Herşeyden önce DIN evrenseldir. Sadece yeryüzüne, yani yaşadığımız dünyaya mahsus bir şey değildir. Hep birlikte BARIŞ’a girmemiz emrediliyor ise, bunu nasıl sağlayacağız? Kainattaki başka topluluklar da Allah’ın Dini içerisindedirer ve onların da Barışa dahil olmaları gerekir.
“Ve ennâ le mesnes semâe fe vecednâhâ muliet haresen şedîden ve şuhubâ”
“Ve ennâ kunnâ nak’udu minhâ mekâıde lis sem’i fe men yestemiıl âne yecid lehu şihâben rasadâ” (cin 8-9)
Cinlerin yaptığı bilgi hırsızlığının engellendiğini anlıyoruz bu ayetlerde.
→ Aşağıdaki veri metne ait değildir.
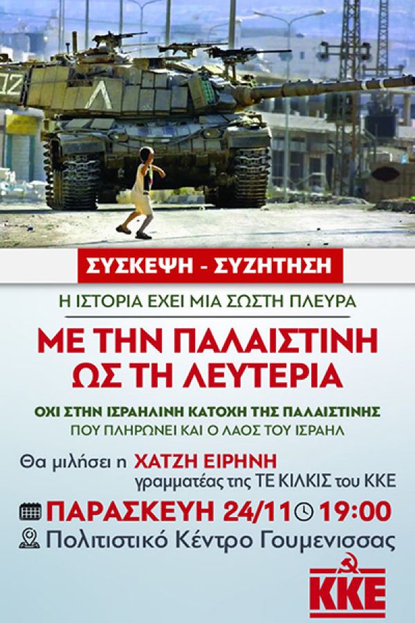Η ΤΟ Κιλκίς του ΚΚΕ διοργανώνει σύσκεψη – συζήτηση για τις εξελίξεις στην Παλαιστίνη με ομιλήτρια, την Ειρήνη Χατζή, γραμματέα της Τομεακής Επιτροπής Κιλκίς του ΚΚΕ, την Παρασκευή 24/11/2023 στο Πολιτιστικό κέντρο Γουμένισσας στις 19:00.

Anlaşılan başka bir şey daha vardır: Bu eylem kural dışı idi ve onların da normal sisteme katılmaları gerekli idi. Bu sebeple de engellendi. Bu önemli bir bilgi olarak karşımıza çıkmaktadır SLT kavramını incelerken.
- Ordunun sevki ile salat kavramı karıştırılmamalıdır.
- Kim buyurmuş bunu, söylediğin her cümle bir delile dayanmalıdır. Namazın orduyu sevki ile ilişkisi yoktur cümlesi nereden çıkmış? Namaz askeri bir talimdir. Bugünkü ordu eğitimi namazdan alınmıştır.
Nisa 102. Ayet ile ilgili söylediklerim yanlış anlaşılmış olmalı. Benim söylediğim şey: bu ayet, SLT’ı değil, SLT da dahil olmak üzere ordunun sevk ve idare şeklini anlatmaktadır. Bu haliyle bile bir istisnayı ortaya koyar. Burada tarif edilen SLT geçicidir, kalıcı değildir. Ancak Resulullah’a atfen yapılan açıklama ise Ordunun sevk ve idaresine ilişkin bir açıklamadır. Bu sebeple ordunun sevk ve idaresi ile SLT kavramı karıştırılmamalıdır.
Namaz’ın insan hayatını disipline ettiği algısı geleneksel formda uygulanmaya çalışılan bir algıdır. Bunun SLT kavramı ile ilgisi yoktur. Belki sonuçlarından bir tanesi olarak değerlendirilebilir ancak bütün içinde büyük bir yer işgal etmez. Benim kanaatim, ordunun eğitimi namazdan değil, namaz askeri talimden hareketle tarif edilmeye çalışılmıştır.